Autant la participation de l’ensemble des acteurs ne garantit pas le succès de la collaboration, autant le refus de participer de certains ne conduit pas obligatoirement à des préjudices. Néanmoins, les interactions et les processus qui sous-tendent la collaboration sont influencés par la présence ou l’absence de certains acteurs. En effet, les auteurs Gray et Wood (1991) mentionnent que « stakeholders who are excluded can possibly interfere with the adoption of agreed-upon outcomes by introducing damaging information or by calling into question the legitimacy of the process » (p. 155). Dans une collaboration interorganisationnelle, ce n’est donc pas le nombre d’acteurs qui importe, mais plutôt leur pertinence et leur coordination (McGuire, 2006).

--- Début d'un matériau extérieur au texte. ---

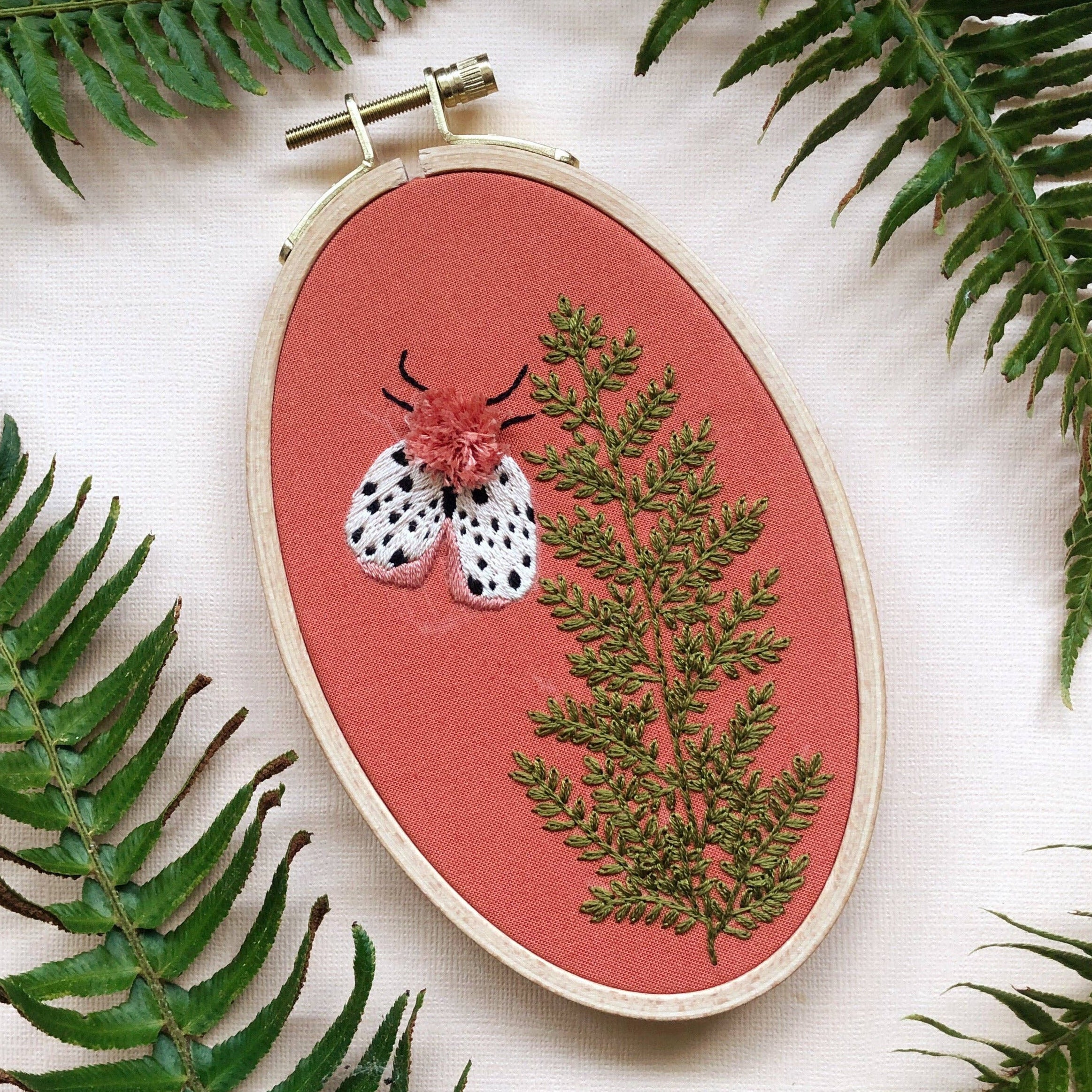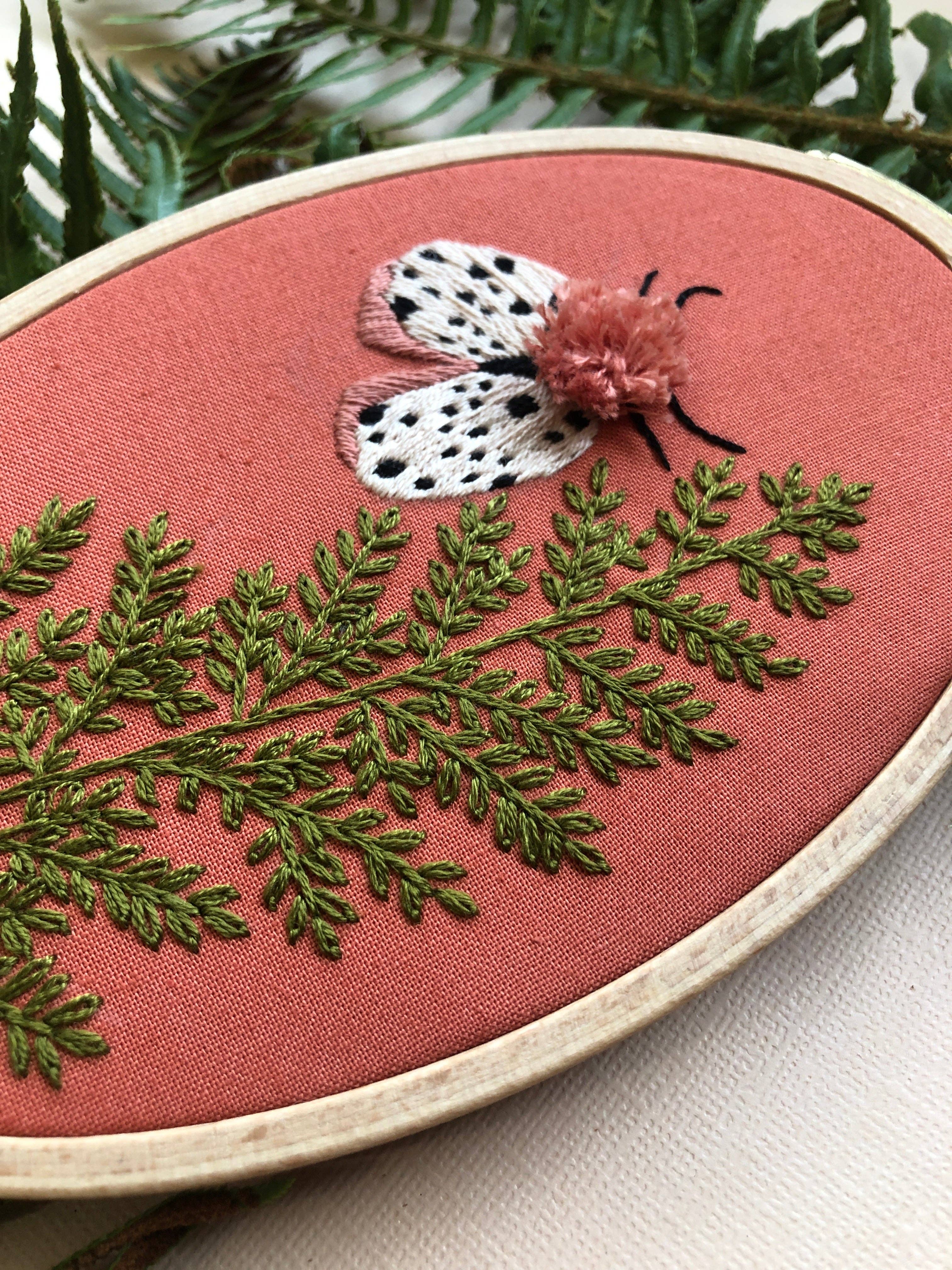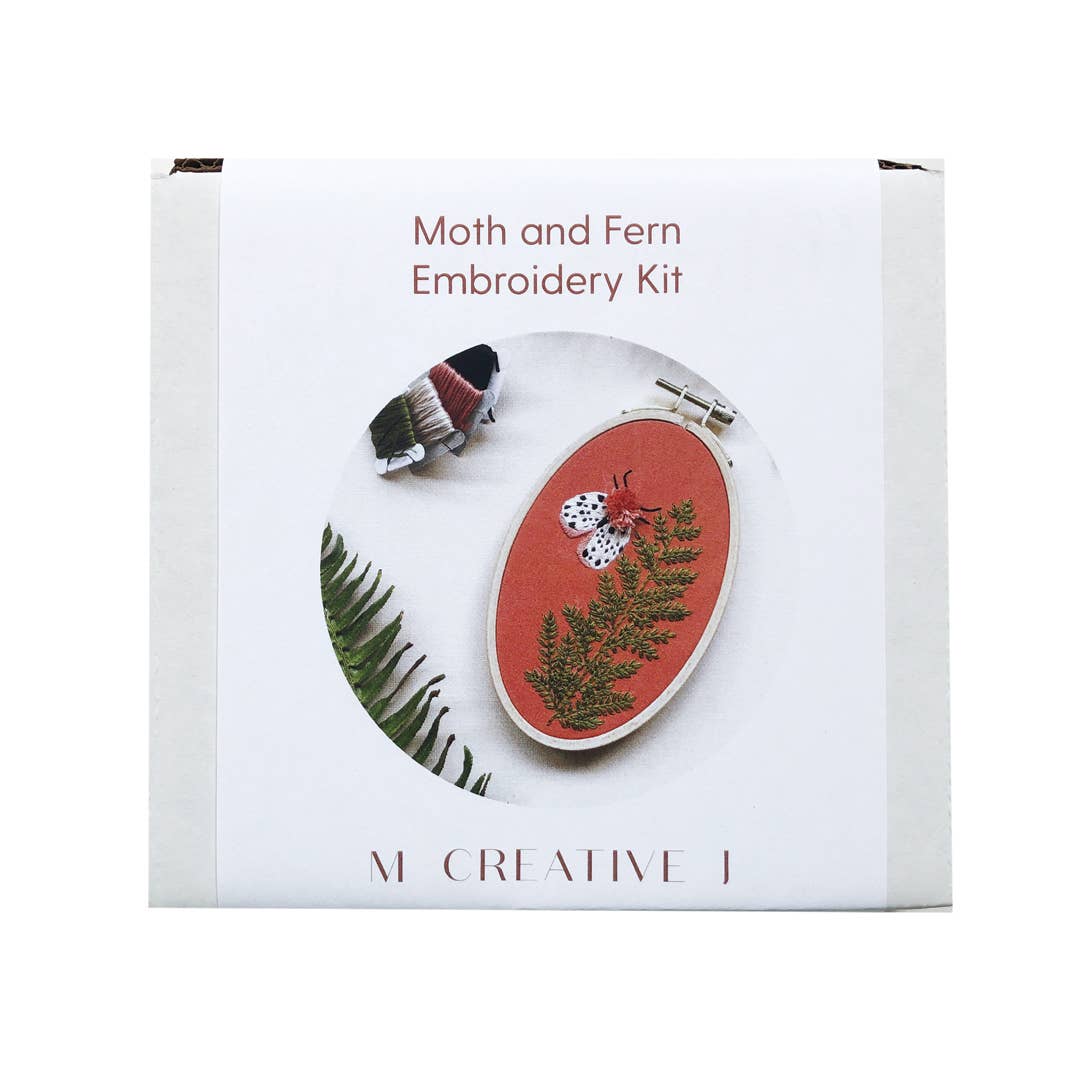 This is an embroidery kit from M Creative J. It features a cute design with a fern and a bug. Inspired by late night walks, the Moth and Fern embroidery kit has everything you need to complete this nature inspired design.

C’est pourquoi les coordonnateurs d’une collaboration représentent des éléments importants d’efficacité en favorisant et en pilotant stratégiquement les processus de délibération et de négociation à la base de l’adoption et de la mise en œuvre de politiques et d’actions novatrices. En raison de leur aptitude et de leur habileté de leaders et d’administrateurs, ils établissent des procédures de fonctionnement, stimulent et encadrent les interactions au sein des activités de la collaboration. Leurs attitudes mobilisatrices peuvent favoriser la création de liens entre les divers acteurs. Ces relations passent autant par des canaux formels et informels de communication, par la technologie que par les interactions directes entre les personnes (Innes et Booher, 1999). Ces liens contribuent à coordonner les actions et à créer les relations nécessaires au partage de connaissance et d’une confiance mutuelle entre les participants. À cet égard,

McGuire (2006) affirme que : « The more points of contact among network members, it is argued, the better the communication and the greater the trust » (p. 38). Tout en faisant preuve d’impartialité et de neutralité, les coordonnateurs de la collaboration interorganisationnelle jouent ainsi un rôle essentiel dans la construction d’une confiance réciproque et d’un sentiment d’appartenance.

Le style de leadership adopté par les coordonnateurs participe également aux succès d’une collaboration interorganisationnelle. Étant donné la diversité d’intérêts et de préoccupations qui entrent en jeu dans un tel exercice collectif, les processus de délibération et de négociation requièrent la présence de leaders capables de guider et d’animer des discussions constructives. Par exemple, avec une direction centralisée et dominante, les participants risquent de se sentir exclus du processus de délibération. Avec un leadership sous l’influence des autorités politiques, les discussions peuvent demeurer à un niveau normatif sans aucune réelle volonté de changement d’opinion ou d’action. Dans un cas comme dans l’autre, le succès et les résultats de la collaboration sont compromis. À l'inverse, avec un ascendant participatif les interactions et les délibérations favorisent la communication et le partage de perspectives et d’orientations productives (Mohammed, 2001).